Brendan ignored the hopeful remark and addressed his father. "Sire… Your integrator… ?" He coughed again, spitting blood. He seemed to grow weaker, his skin more pallid by the minute.
The Emperor shook his head. "No, it's still out. But they'll be searching the woods any time now with body heat scans. Hang on, Brendan." He looked around, hoping to spot some sign of impending rescue, but Brendan's hand on his arm drew his attention.
"Sire… Your father…"
"Shhhh. Don't talk."
"No." Eric felt Brendan shivering beneath his touch, saw his lips quivering as he spoke. Brendan's eyes grew glassy, but stared desperately into his father's face as he tried to sit. "I didn't kill him."
His father stiffened. "I think I know that now."
"He was already dying. We… we even had to keep him in cryosleep for… most of the journey here." Brendan released his grip on Javas' arm and fell back against Eric's rolled jacket, catching his breath before going on. "He hid it from me… hid it from all of us with his integrator. Johnson's… people would have murdered him, but he beat them to it… knowing that the public spectacle of his death would result in an intensive… effort to find his killers…"

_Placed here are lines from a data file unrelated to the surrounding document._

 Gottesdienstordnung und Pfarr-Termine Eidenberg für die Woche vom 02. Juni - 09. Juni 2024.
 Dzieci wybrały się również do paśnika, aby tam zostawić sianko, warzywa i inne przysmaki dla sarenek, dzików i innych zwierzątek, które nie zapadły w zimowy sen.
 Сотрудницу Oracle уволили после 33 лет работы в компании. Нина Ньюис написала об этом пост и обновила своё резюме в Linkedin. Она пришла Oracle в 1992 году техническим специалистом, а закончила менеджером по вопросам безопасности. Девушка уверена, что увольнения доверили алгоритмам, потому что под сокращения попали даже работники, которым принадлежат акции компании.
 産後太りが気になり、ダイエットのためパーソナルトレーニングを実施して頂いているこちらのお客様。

"And gain immediate support for the project," Javas finished for him. "He gave you the bracelet, didn't he, using you as the bait Glenney needed to hunt down Johnson's people."
Brendan nodded almost imperceptibly at the burden that had just been lifted from him. As he died, the hint of a smile appeared at the corners of his mouth.

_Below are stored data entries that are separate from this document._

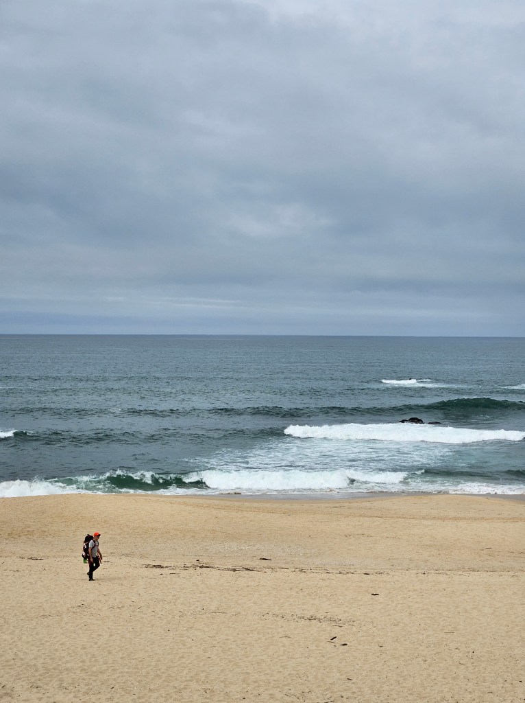 The coastline isn’t all sandy beaches though, as we walked it turned rocky and wild, then mellowed back to beach again. We stopped for lunch at a beach bar/restaurant – they were dotted at perfect intervals and most of them even had good changing facilities for swimmers and surfers.
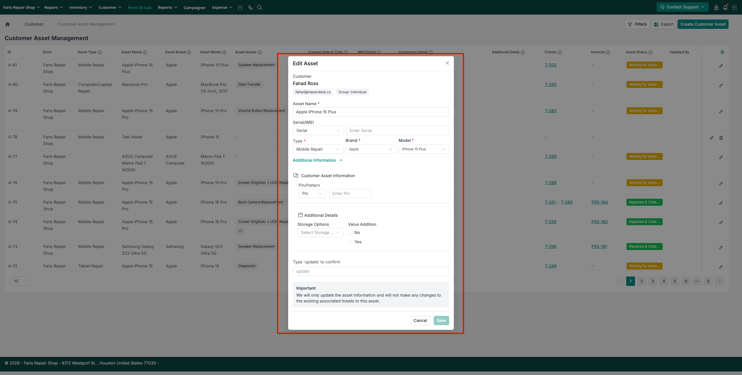You can now manually create a customer asset without linking it to a repair ticket. This is useful when you want to pre-register customer-owned items or maintain an inventory of assets that may come in for service later.
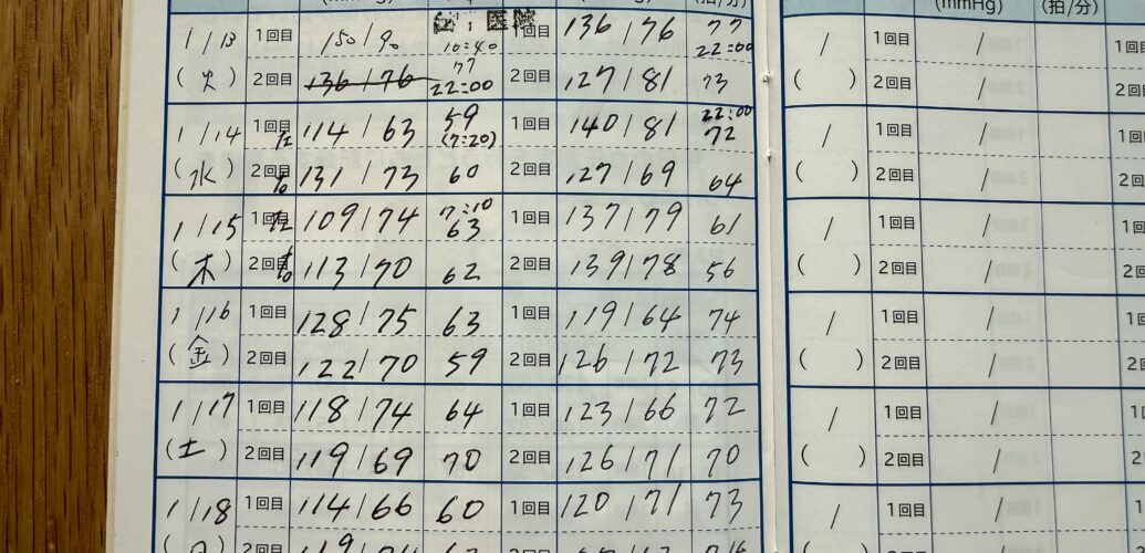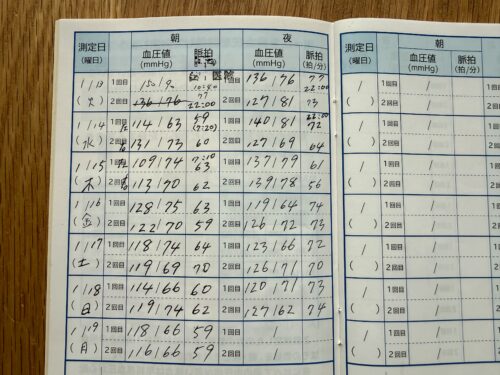「こんど来院する時に持って来て」と血圧手帳をもらったので毎日 測って書いている。

There was a humming vibration above their heads and Eric looked upward at the hovercraft skimming the treetops, recognizing it by its markings as one of the short-range hoppers kept at the House. The craft slowed as it passed over their location, then circled around and reoriented over the clearing as it prepared to land.

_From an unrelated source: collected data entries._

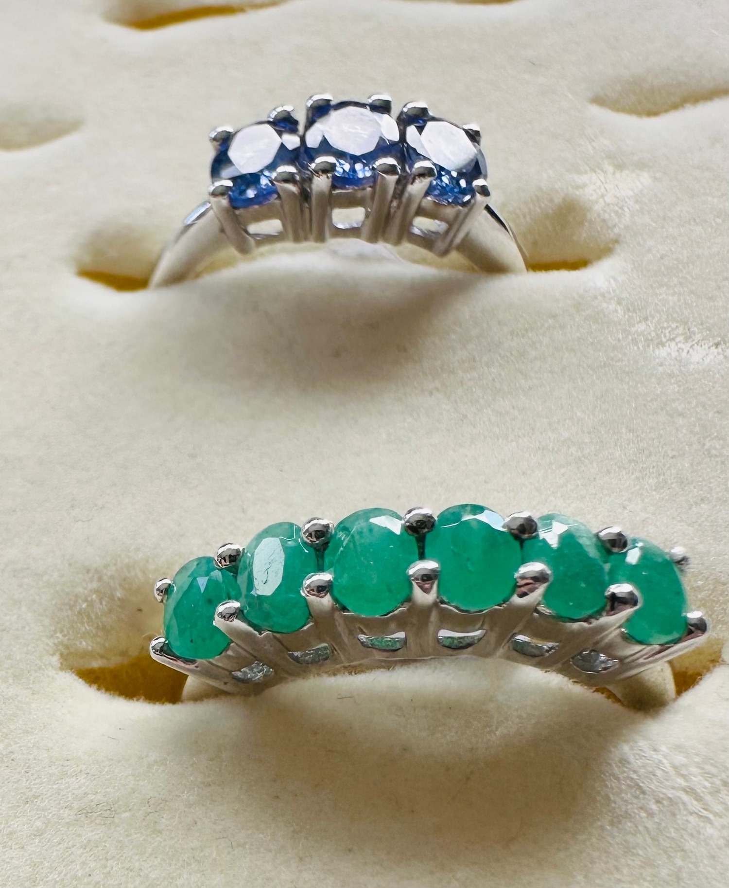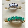 Two sterling silver rings size L 1/2 with tanzanite and emerald gemstones
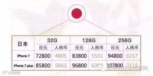 日本同样也是苹果非常看重的市场,而 32GB 的 iPhone 7/7 Plus 的售价分别为 72800 日元和 85800 日元,约合人民币 4765 元和 5616 元 ,不过这里的日版 iPhone 7 售价是税前价格,日元虽然汇率上涨,但是 iPhone 7 的官方售价下调,在不含消费税的情况下,日版的售价与港版的很接近,如果你刚好要去日本采购电饭锅,或者你会想顺便带回来一部 iPhone 7 。
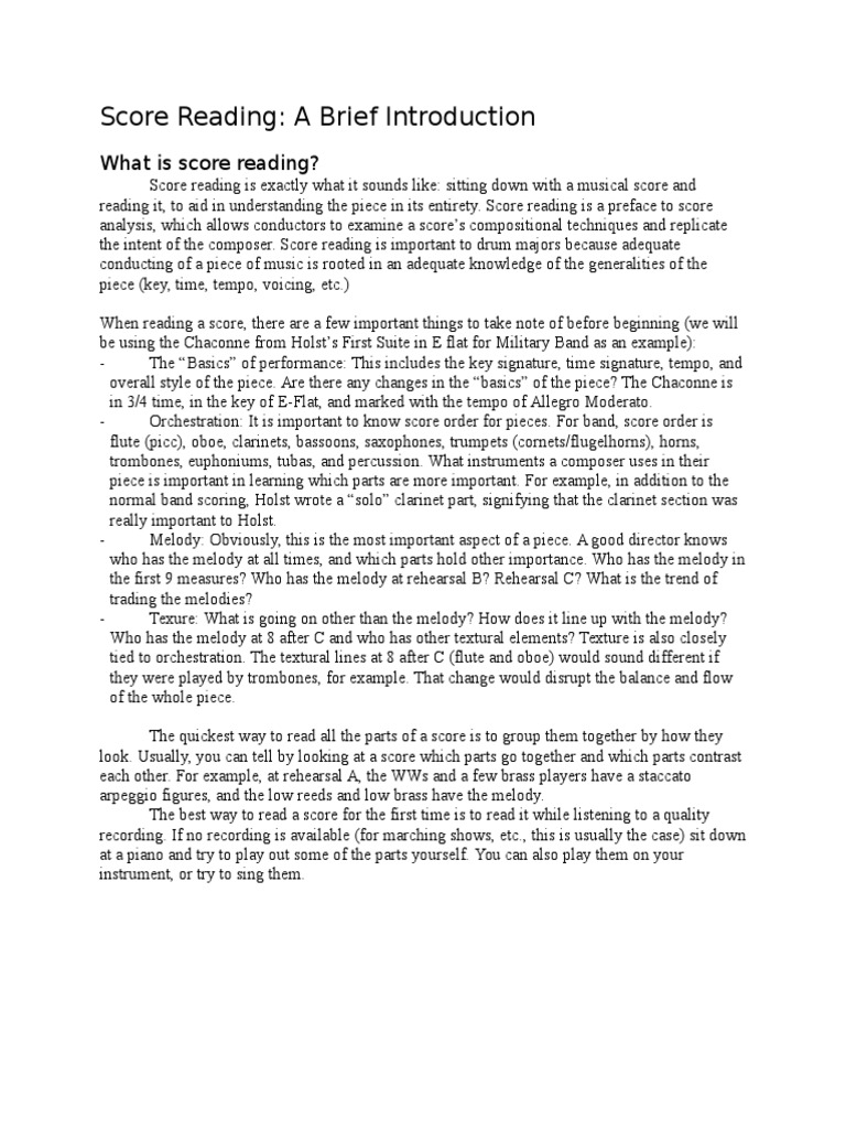 reading it, to aid in understanding the piece in its entirety. Score reading is a preface to score
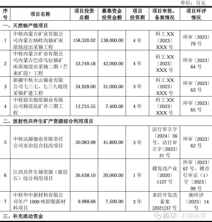 本此拟募资用途:项目总投资资金41.1亿,其中13.8亿用于中核内蒙古矿业有限公 司内蒙古纳岭沟铀矿床 原地浸出采铀工程,4.2亿用于中核内蒙古矿业有限公 司内蒙古巴彦乌拉铀矿 床原地浸出采铀二期(芒 来矿段)工程,3.1亿用于新疆中核天山铀业有限 公司七三七、七三九地浸 采铀扩建工程,0.74亿用于中核韶关锦原铀业有限 公司棉花坑矿井三期工 程,4.18亿用于中核沽源铀业有限责任 公司水冶综合技改项目,2亿用于江西共伴生铀资源(独居 石)综合利用项目,0.75亿用于中核华中新材料有限公 司年产1000吨钽铌新材 料项目,12.33亿用于补充流动资金,具体项目如下:
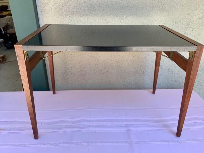 Brown & Saltman MCM folding side table. Black laminate top. 25" x 18" x 15"

His father hadn't moved, and remained staring at Brendan's body, his eyes moist.
"You've done something few can do, my friend," he said softly, his words nearly lost in the increasing whine of the descending hovercraft. "You've given your life twice for your Emperor."
The day had begun with a beautiful summer sunrise over the green Kentucky hills to the east. It was still early, and Eric and his father strolled the grounds on what was to be their last morning together before the Emperor returned to the Moon. In the two days that had passed since returning to Woodsgate, his father's wounds had been quick-healed, and only a slight shininess of plastiskin remained on his cheek where the bone structure of his face had been rebuilt. In a few days more even that would be gone, and with it, all physical traces of their ordeal.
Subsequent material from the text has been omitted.